(Extracted records)
------------------------------------------------

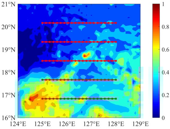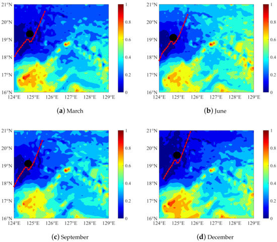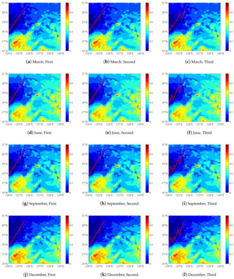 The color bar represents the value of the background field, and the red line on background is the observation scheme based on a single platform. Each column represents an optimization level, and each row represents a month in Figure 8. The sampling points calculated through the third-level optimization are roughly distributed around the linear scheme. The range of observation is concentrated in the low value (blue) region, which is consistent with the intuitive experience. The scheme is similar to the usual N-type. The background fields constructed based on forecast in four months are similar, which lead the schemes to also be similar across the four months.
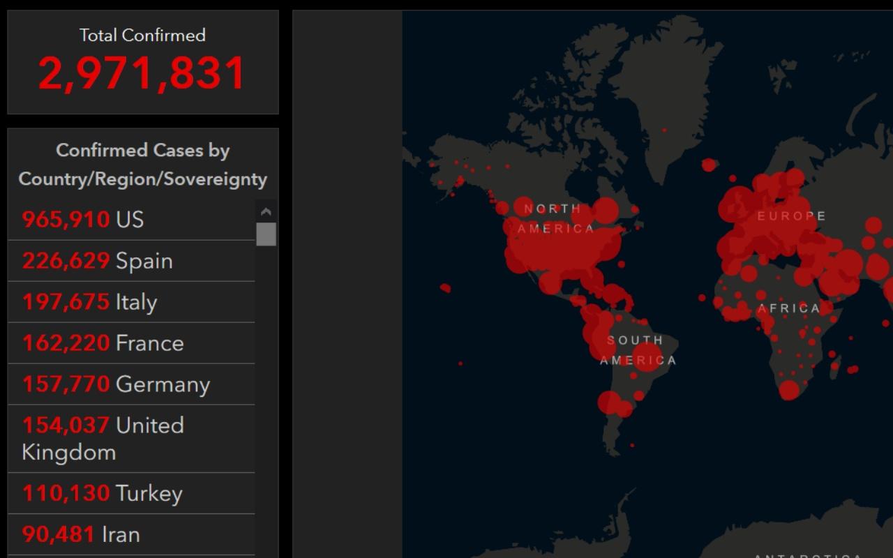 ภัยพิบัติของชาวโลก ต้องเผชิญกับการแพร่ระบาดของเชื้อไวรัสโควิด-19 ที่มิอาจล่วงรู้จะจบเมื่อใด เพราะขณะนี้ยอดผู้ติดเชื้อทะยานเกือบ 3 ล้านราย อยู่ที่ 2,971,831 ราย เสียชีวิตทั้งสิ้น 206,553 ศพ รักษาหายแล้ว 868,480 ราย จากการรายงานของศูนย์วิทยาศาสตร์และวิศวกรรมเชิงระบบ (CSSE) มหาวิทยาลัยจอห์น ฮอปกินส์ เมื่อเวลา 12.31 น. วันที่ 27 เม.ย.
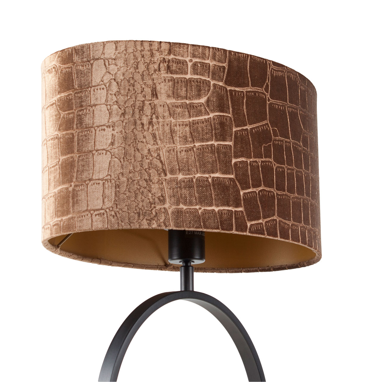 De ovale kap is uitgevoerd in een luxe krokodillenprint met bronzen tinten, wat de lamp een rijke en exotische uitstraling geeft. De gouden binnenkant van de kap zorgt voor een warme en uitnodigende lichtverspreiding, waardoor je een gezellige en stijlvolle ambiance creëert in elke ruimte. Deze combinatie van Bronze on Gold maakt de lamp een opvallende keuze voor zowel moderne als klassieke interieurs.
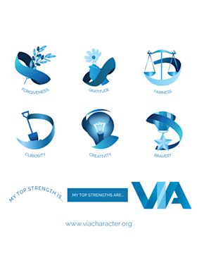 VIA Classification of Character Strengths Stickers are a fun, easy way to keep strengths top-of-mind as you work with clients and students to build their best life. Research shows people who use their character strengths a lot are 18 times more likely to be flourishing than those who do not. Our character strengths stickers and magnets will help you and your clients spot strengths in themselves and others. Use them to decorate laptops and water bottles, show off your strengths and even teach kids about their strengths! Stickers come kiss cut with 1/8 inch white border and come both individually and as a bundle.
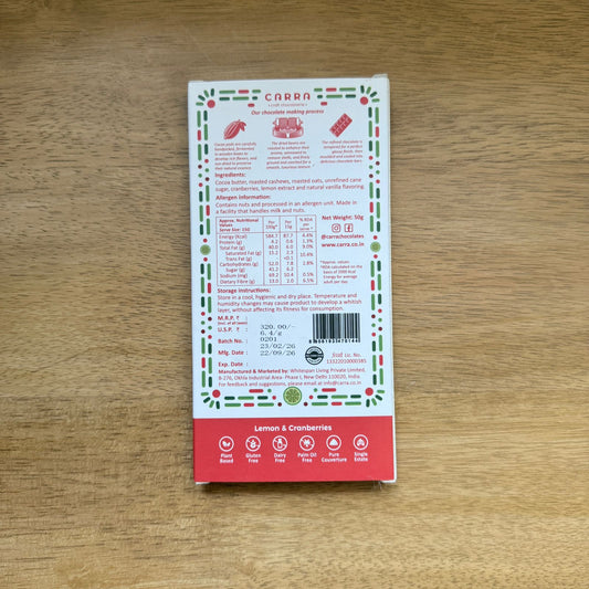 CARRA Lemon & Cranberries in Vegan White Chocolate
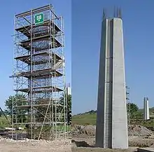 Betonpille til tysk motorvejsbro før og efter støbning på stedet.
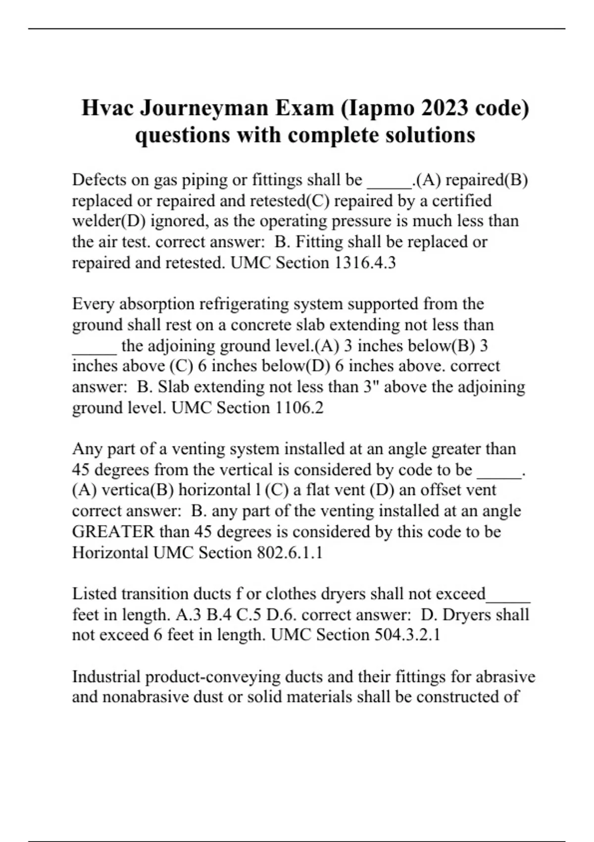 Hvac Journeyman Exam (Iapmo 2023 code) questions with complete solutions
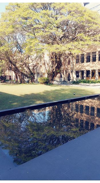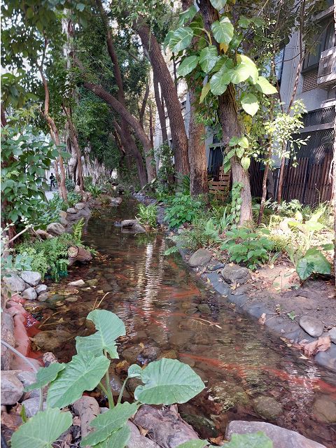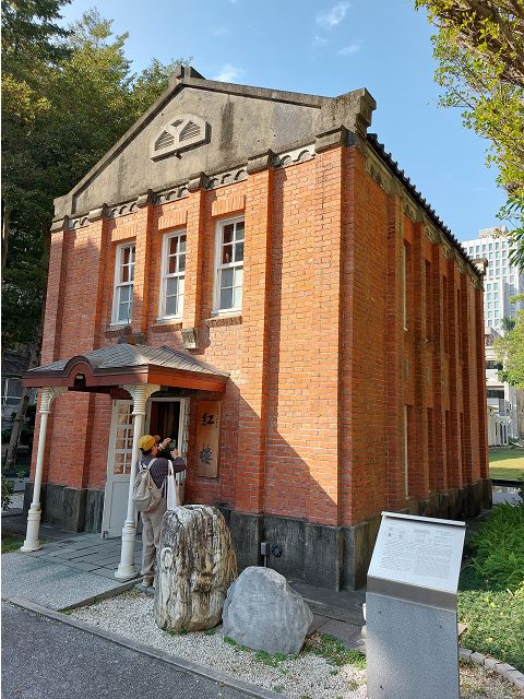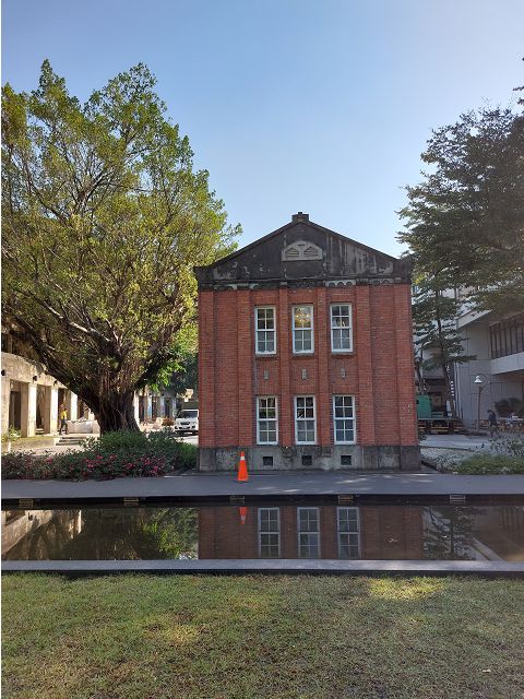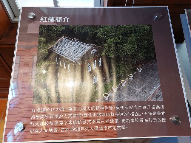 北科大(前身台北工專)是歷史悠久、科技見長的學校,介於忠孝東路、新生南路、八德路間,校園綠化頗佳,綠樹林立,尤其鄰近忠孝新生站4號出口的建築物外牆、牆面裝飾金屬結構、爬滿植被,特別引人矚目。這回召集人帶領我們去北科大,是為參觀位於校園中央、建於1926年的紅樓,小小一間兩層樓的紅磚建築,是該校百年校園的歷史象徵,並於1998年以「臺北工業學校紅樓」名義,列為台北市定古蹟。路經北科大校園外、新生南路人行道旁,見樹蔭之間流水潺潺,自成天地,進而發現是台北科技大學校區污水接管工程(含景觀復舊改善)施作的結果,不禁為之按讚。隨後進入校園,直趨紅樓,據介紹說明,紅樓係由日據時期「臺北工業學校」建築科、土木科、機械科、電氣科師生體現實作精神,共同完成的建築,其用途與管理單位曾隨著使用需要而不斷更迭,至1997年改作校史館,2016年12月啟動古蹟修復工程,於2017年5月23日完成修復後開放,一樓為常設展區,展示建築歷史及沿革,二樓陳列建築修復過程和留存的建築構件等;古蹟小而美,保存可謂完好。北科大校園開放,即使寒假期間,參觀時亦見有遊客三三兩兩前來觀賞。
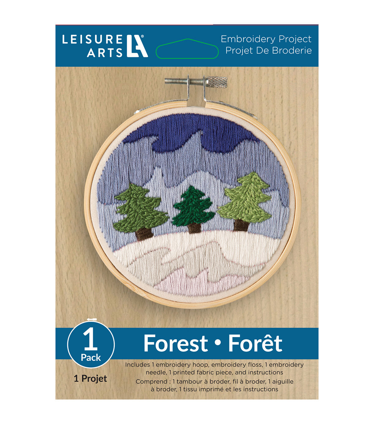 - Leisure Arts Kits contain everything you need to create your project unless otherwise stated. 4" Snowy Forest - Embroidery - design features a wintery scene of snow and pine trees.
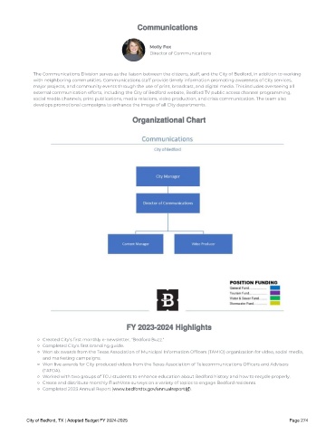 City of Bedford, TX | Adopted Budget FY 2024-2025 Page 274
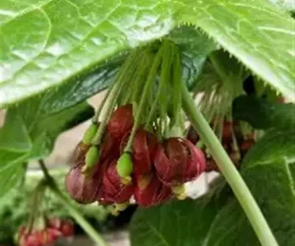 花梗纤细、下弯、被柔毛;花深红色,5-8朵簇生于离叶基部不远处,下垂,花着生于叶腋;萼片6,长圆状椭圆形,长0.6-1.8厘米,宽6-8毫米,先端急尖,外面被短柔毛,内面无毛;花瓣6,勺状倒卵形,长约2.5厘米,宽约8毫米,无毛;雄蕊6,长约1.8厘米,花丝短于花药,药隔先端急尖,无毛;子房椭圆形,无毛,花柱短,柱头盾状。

------------------------------------------------

What the task asks:
Repeat every line above exactly, minus the pictures.

Written answer:
 The color bar represents the value of the background field, and the red line on background is the observation scheme based on a single platform. Each column represents an optimization level, and each row represents a month in Figure 8. The sampling points calculated through the third-level optimization are roughly distributed around the linear scheme. The range of observation is concentrated in the low value (blue) region, which is consistent with the intuitive experience. The scheme is similar to the usual N-type. The background fields constructed based on forecast in four months are similar, which lead the schemes to also be similar across the four months.
 ภัยพิบัติของชาวโลก ต้องเผชิญกับการแพร่ระบาดของเชื้อไวรัสโควิด-19 ที่มิอาจล่วงรู้จะจบเมื่อใด เพราะขณะนี้ยอดผู้ติดเชื้อทะยานเกือบ 3 ล้านราย อยู่ที่ 2,971,831 ราย เสียชีวิตทั้งสิ้น 206,553 ศพ รักษาหายแล้ว 868,480 ราย จากการรายงานของศูนย์วิทยาศาสตร์และวิศวกรรมเชิงระบบ (CSSE) มหาวิทยาลัยจอห์น ฮอปกินส์ เมื่อเวลา 12.31 น. วันที่ 27 เม.ย.
 De ovale kap is uitgevoerd in een luxe krokodillenprint met bronzen tinten, wat de lamp een rijke en exotische uitstraling geeft. De gouden binnenkant van de kap zorgt voor een warme en uitnodigende lichtverspreiding, waardoor je een gezellige en stijlvolle ambiance creëert in elke ruimte. Deze combinatie van Bronze on Gold maakt de lamp een opvallende keuze voor zowel moderne als klassieke interieurs.
 VIA Classification of Character Strengths Stickers are a fun, easy way to keep strengths top-of-mind as you work with clients and students to build their best life. Research shows people who use their character strengths a lot are 18 times more likely to be flourishing than those who do not. Our character strengths stickers and magnets will help you and your clients spot strengths in themselves and others. Use them to decorate laptops and water bottles, show off your strengths and even teach kids about their strengths! Stickers come kiss cut with 1/8 inch white border and come both individually and as a bundle.
 CARRA Lemon & Cranberries in Vegan White Chocolate
 Betonpille til tysk motorvejsbro før og efter støbning på stedet.
 Hvac Journeyman Exam (Iapmo 2023 code) questions with complete solutions
 北科大(前身台北工專)是歷史悠久、科技見長的學校,介於忠孝東路、新生南路、八德路間,校園綠化頗佳,綠樹林立,尤其鄰近忠孝新生站4號出口的建築物外牆、牆面裝飾金屬結構、爬滿植被,特別引人矚目。這回召集人帶領我們去北科大,是為參觀位於校園中央、建於1926年的紅樓,小小一間兩層樓的紅磚建築,是該校百年校園的歷史象徵,並於1998年以「臺北工業學校紅樓」名義,列為台北市定古蹟。路經北科大校園外、新生南路人行道旁,見樹蔭之間流水潺潺,自成天地,進而發現是台北科技大學校區污水接管工程(含景觀復舊改善)施作的結果,不禁為之按讚。隨後進入校園,直趨紅樓,據介紹說明,紅樓係由日據時期「臺北工業學校」建築科、土木科、機械科、電氣科師生體現實作精神,共同完成的建築,其用途與管理單位曾隨著使用需要而不斷更迭,至1997年改作校史館,2016年12月啟動古蹟修復工程,於2017年5月23日完成修復後開放,一樓為常設展區,展示建築歷史及沿革,二樓陳列建築修復過程和留存的建築構件等;古蹟小而美,保存可謂完好。北科大校園開放,即使寒假期間,參觀時亦見有遊客三三兩兩前來觀賞。
 - Leisure Arts Kits contain everything you need to create your project unless otherwise stated. 4" Snowy Forest - Embroidery - design features a wintery scene of snow and pine trees.
 City of Bedford, TX | Adopted Budget FY 2024-2025 Page 274
 花梗纤细、下弯、被柔毛;花深红色,5-8朵簇生于离叶基部不远处,下垂,花着生于叶腋;萼片6,长圆状椭圆形,长0.6-1.8厘米,宽6-8毫米,先端急尖,外面被短柔毛,内面无毛;花瓣6,勺状倒卵形,长约2.5厘米,宽约8毫米,无毛;雄蕊6,长约1.8厘米,花丝短于花药,药隔先端急尖,无毛;子房椭圆形,无毛,花柱短,柱头盾状。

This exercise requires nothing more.